"""

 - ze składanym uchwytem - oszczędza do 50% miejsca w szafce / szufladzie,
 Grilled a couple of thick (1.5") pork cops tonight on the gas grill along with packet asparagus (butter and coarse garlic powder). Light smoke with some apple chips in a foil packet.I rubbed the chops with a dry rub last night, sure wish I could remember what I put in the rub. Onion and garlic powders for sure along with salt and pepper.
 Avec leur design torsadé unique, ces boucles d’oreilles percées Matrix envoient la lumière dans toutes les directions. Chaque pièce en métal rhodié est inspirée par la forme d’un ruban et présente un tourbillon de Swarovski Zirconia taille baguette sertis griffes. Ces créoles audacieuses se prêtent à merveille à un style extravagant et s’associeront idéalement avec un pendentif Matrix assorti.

"""
"""

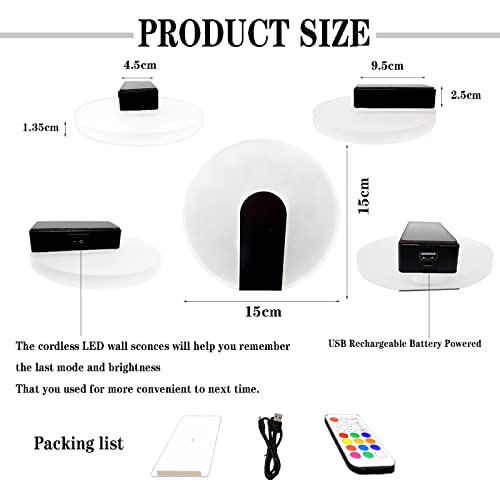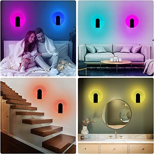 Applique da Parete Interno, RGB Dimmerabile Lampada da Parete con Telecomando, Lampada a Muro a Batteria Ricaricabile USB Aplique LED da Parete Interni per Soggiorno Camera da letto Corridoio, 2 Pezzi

"""

From the line that has "- ze składanym" through the line that has "Avec leur design", copy every line exactly as it appears above, and leave out all others.

**Written response:**
 - ze składanym uchwytem - oszczędza do 50% miejsca w szafce / szufladzie,
 Grilled a couple of thick (1.5") pork cops tonight on the gas grill along with packet asparagus (butter and coarse garlic powder). Light smoke with some apple chips in a foil packet.I rubbed the chops with a dry rub last night, sure wish I could remember what I put in the rub. Onion and garlic powders for sure along with salt and pepper.
 Avec leur design torsadé unique, ces boucles d’oreilles percées Matrix envoient la lumière dans toutes les directions. Chaque pièce en métal rhodié est inspirée par la forme d’un ruban et présente un tourbillon de Swarovski Zirconia taille baguette sertis griffes. Ces créoles audacieuses se prêtent à merveille à un style extravagant et s’associeront idéalement avec un pendentif Matrix assorti.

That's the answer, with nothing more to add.